▸ **ASSIGNED TASK**: From the entries below, reproduce exactly the lines from the one with "In einem historischen" through the one with "En Estados Unidos", both included, without images.

..........

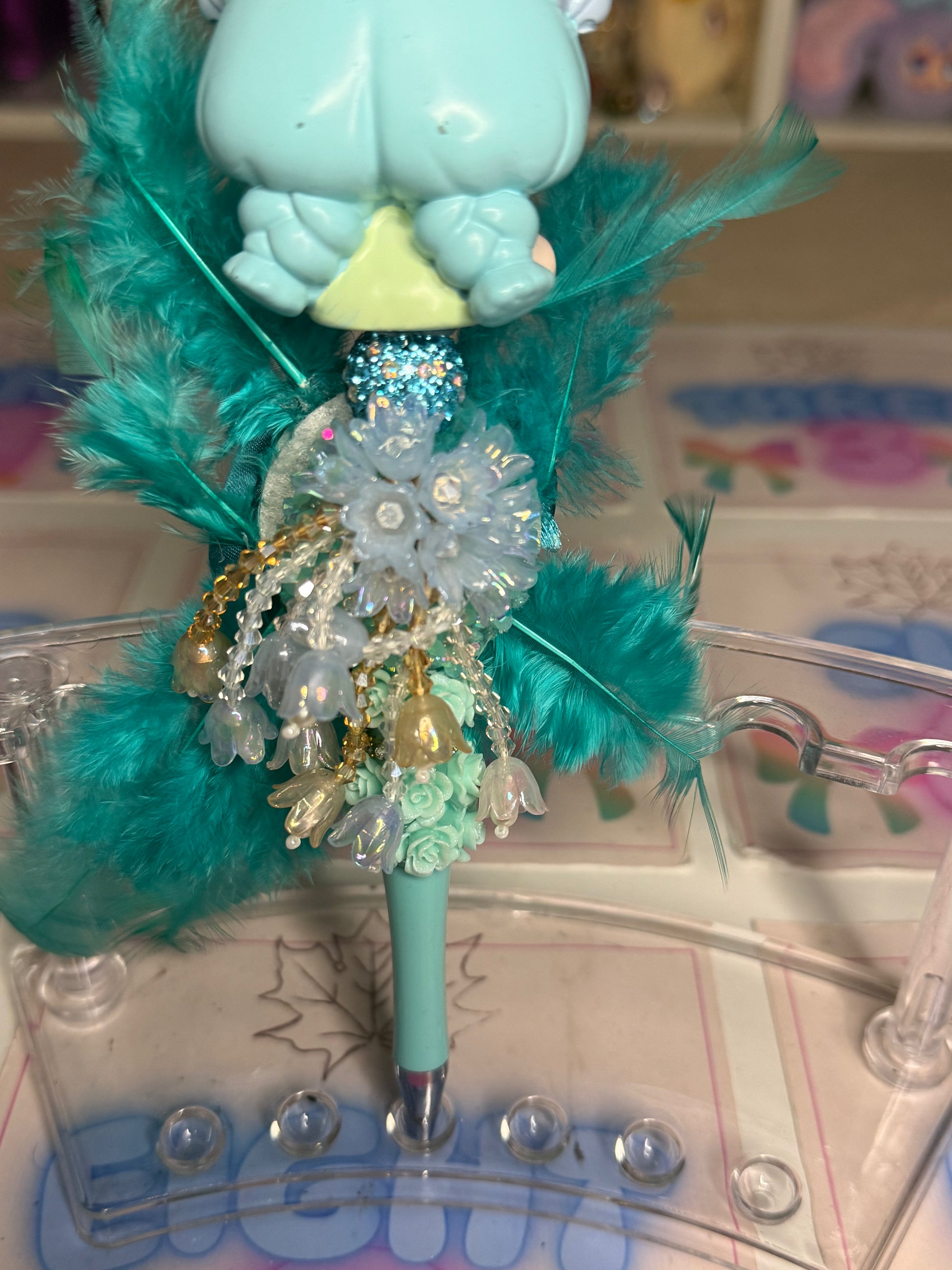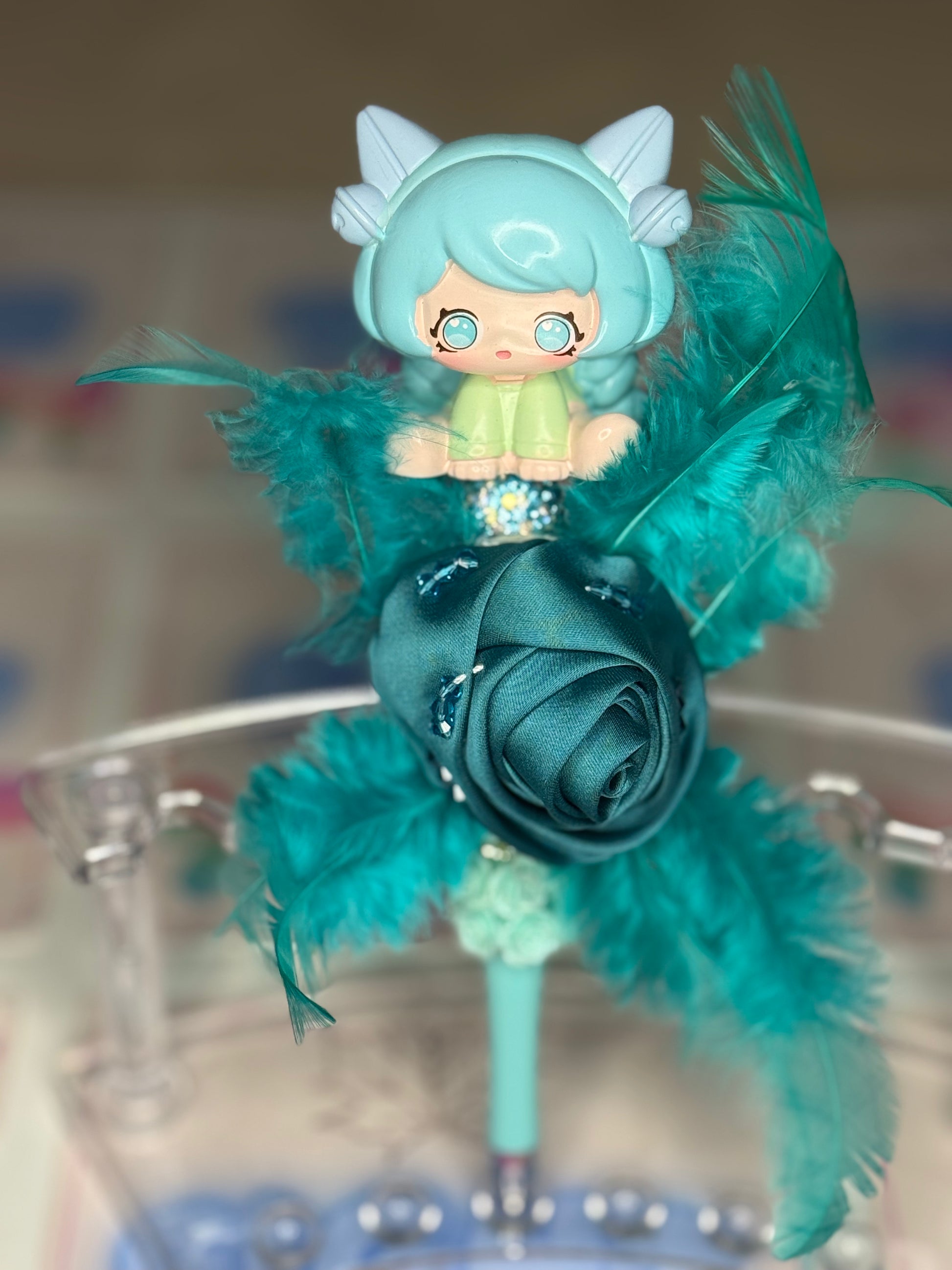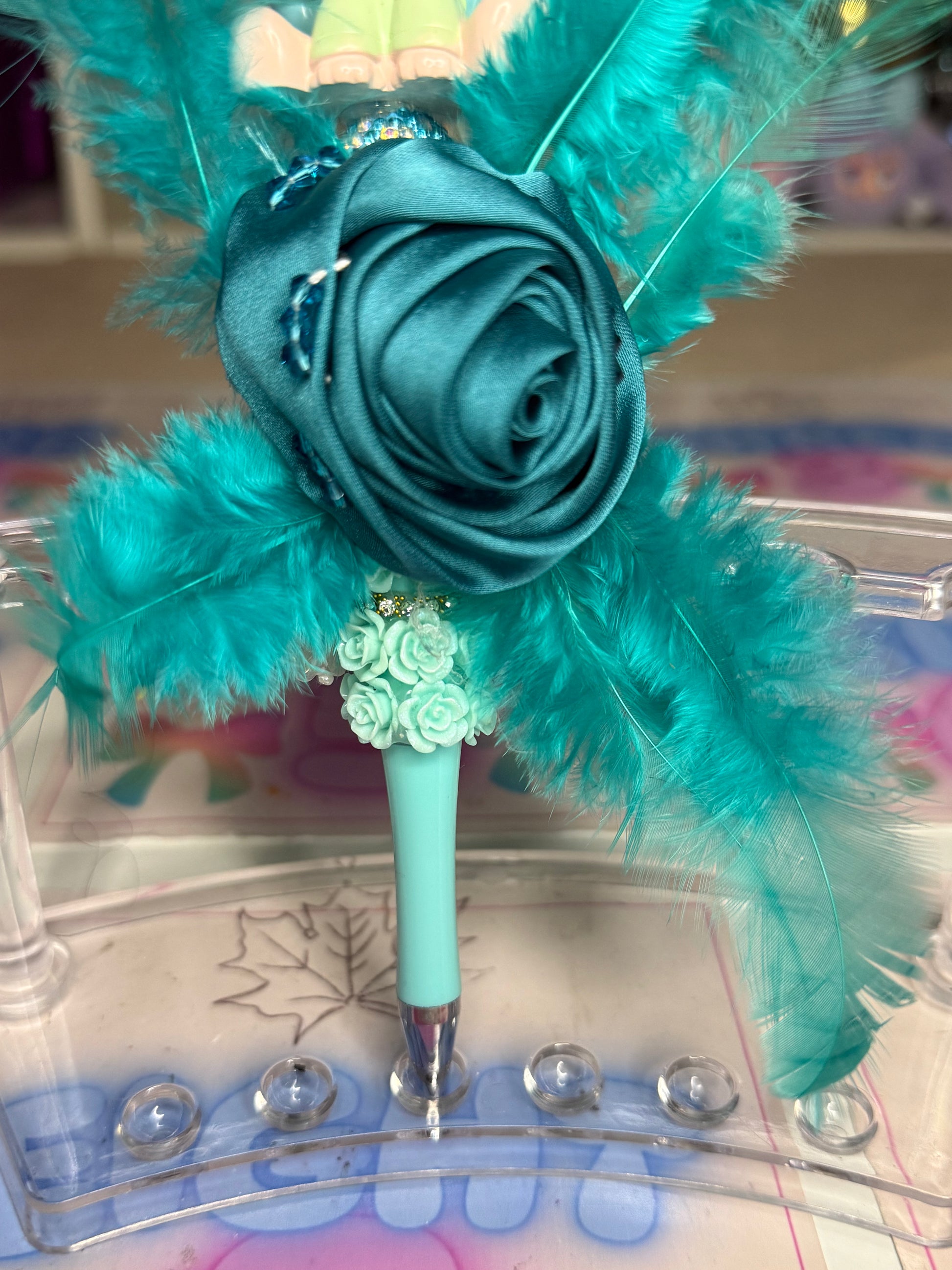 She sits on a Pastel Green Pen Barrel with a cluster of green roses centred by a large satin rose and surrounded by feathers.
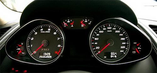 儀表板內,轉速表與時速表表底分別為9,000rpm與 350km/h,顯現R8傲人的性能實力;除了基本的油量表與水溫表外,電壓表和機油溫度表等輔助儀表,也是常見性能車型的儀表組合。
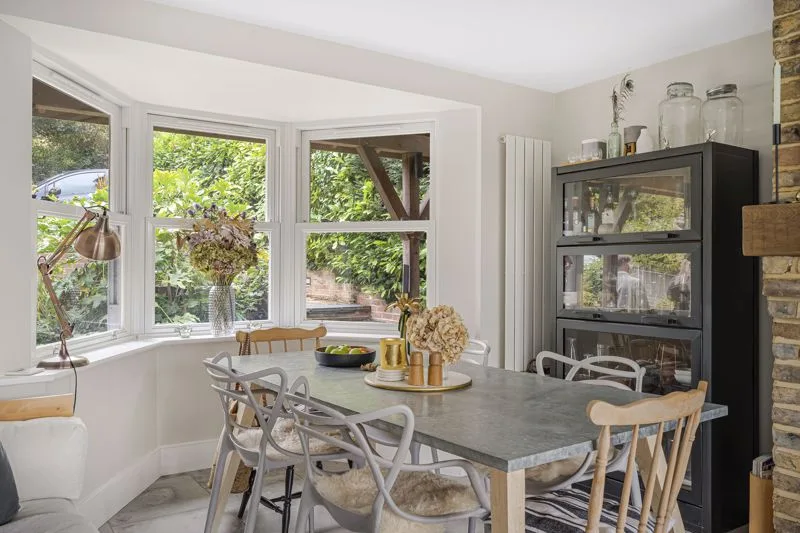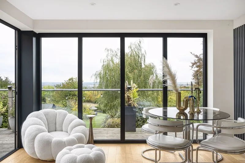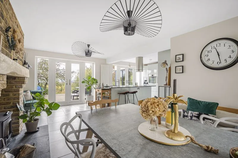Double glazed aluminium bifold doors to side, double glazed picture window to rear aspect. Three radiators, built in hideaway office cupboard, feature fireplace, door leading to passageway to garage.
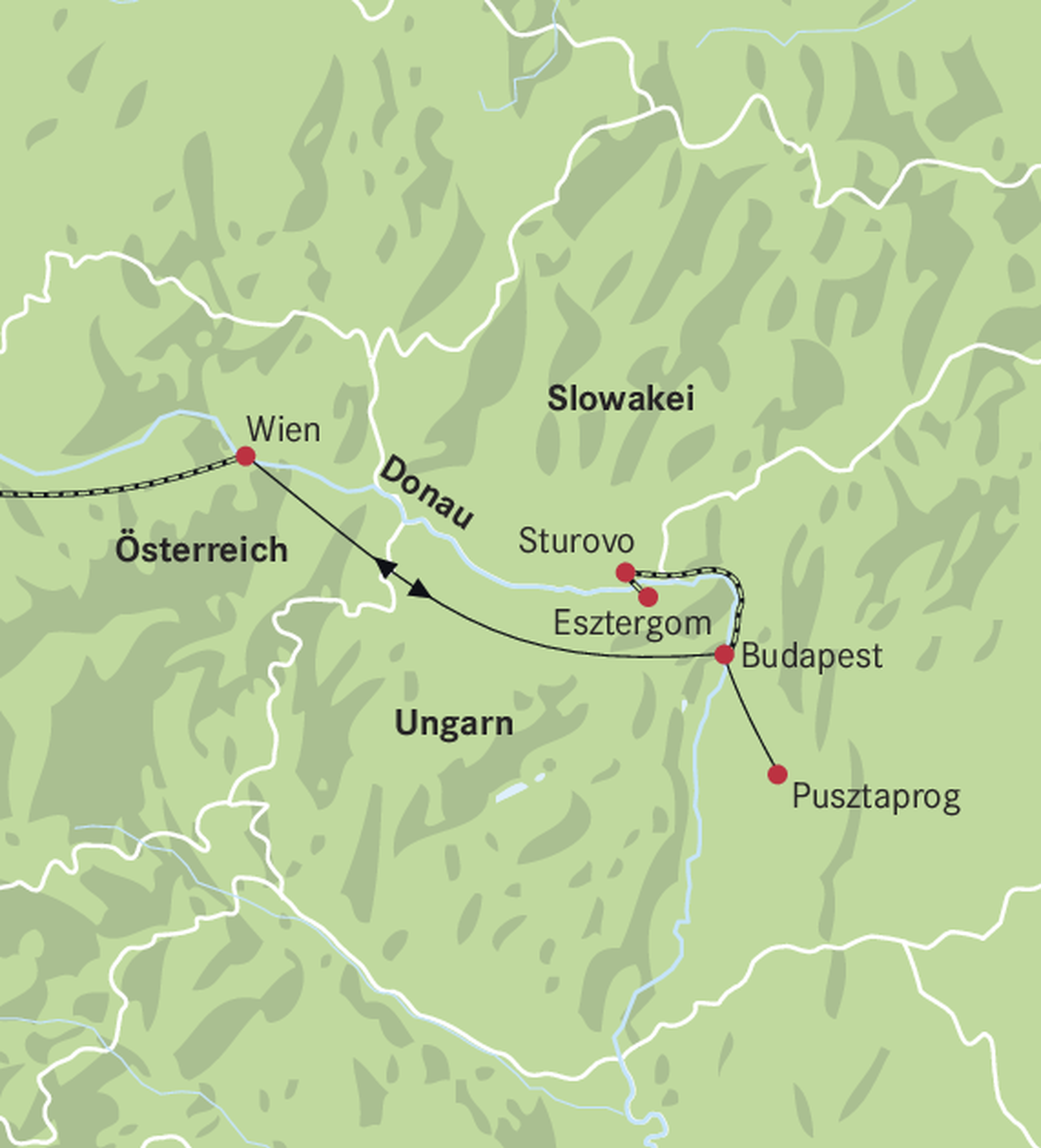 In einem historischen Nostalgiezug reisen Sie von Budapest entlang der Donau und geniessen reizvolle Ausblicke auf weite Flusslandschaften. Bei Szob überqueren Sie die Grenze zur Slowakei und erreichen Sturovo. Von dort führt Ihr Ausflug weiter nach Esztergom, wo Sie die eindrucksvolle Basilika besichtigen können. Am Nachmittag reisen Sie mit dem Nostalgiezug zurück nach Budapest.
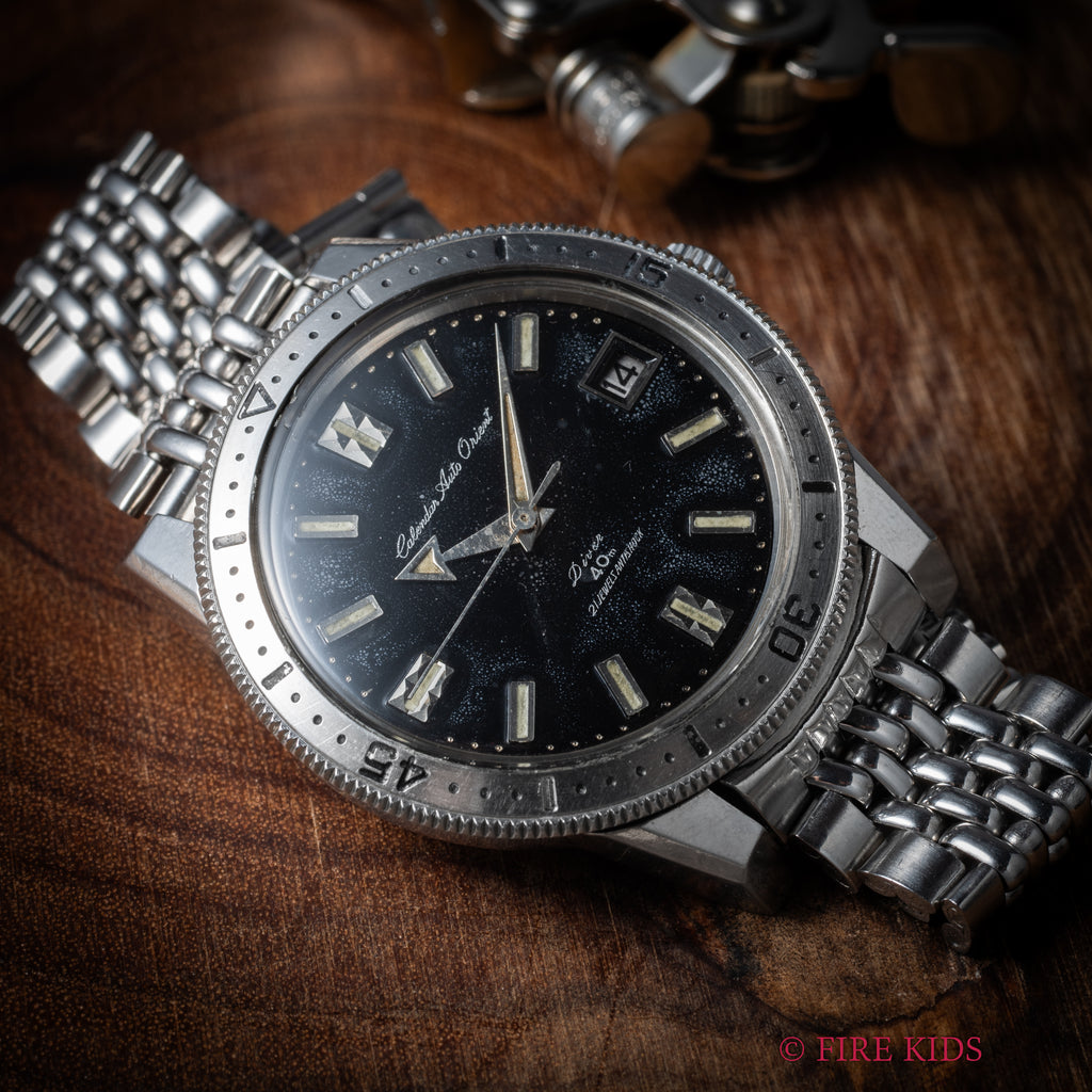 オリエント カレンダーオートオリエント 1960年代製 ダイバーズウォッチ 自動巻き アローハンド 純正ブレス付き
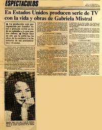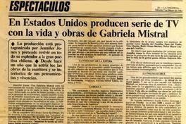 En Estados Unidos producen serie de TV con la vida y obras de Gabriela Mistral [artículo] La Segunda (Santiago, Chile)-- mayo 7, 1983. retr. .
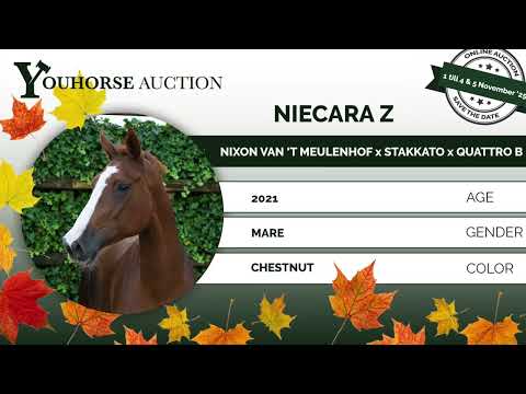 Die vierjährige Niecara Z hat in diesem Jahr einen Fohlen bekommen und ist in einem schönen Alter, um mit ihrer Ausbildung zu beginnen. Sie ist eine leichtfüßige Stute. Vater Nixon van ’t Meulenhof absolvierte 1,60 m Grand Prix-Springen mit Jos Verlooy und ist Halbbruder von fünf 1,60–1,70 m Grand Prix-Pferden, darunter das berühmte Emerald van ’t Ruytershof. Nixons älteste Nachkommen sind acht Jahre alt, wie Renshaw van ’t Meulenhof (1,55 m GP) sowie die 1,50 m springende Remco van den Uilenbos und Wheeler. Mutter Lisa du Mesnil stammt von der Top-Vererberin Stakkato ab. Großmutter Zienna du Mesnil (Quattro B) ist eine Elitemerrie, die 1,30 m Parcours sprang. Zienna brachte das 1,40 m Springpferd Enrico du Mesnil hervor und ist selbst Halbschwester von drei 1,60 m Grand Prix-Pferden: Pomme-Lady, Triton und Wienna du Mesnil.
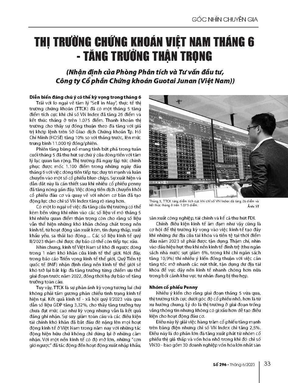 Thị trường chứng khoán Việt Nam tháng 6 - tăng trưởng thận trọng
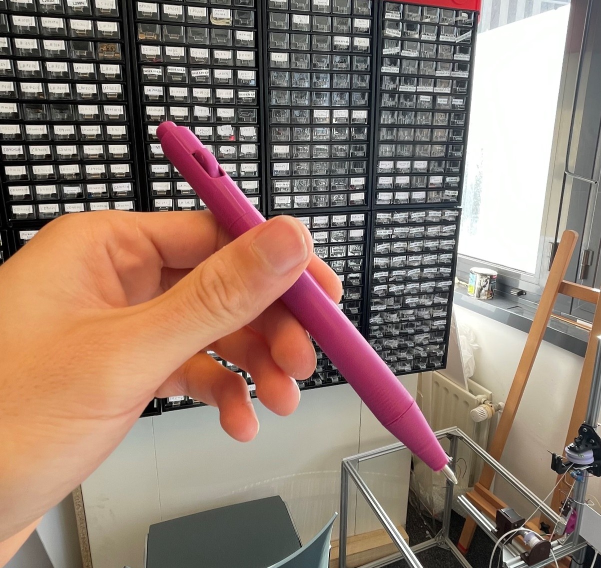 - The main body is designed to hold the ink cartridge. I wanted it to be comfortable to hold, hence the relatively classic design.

..........

▸ **YOUR RESPONSE**:
 In einem historischen Nostalgiezug reisen Sie von Budapest entlang der Donau und geniessen reizvolle Ausblicke auf weite Flusslandschaften. Bei Szob überqueren Sie die Grenze zur Slowakei und erreichen Sturovo. Von dort führt Ihr Ausflug weiter nach Esztergom, wo Sie die eindrucksvolle Basilika besichtigen können. Am Nachmittag reisen Sie mit dem Nostalgiezug zurück nach Budapest.
 オリエント カレンダーオートオリエント 1960年代製 ダイバーズウォッチ 自動巻き アローハンド 純正ブレス付き
 En Estados Unidos producen serie de TV con la vida y obras de Gabriela Mistral [artículo] La Segunda (Santiago, Chile)-- mayo 7, 1983. retr. .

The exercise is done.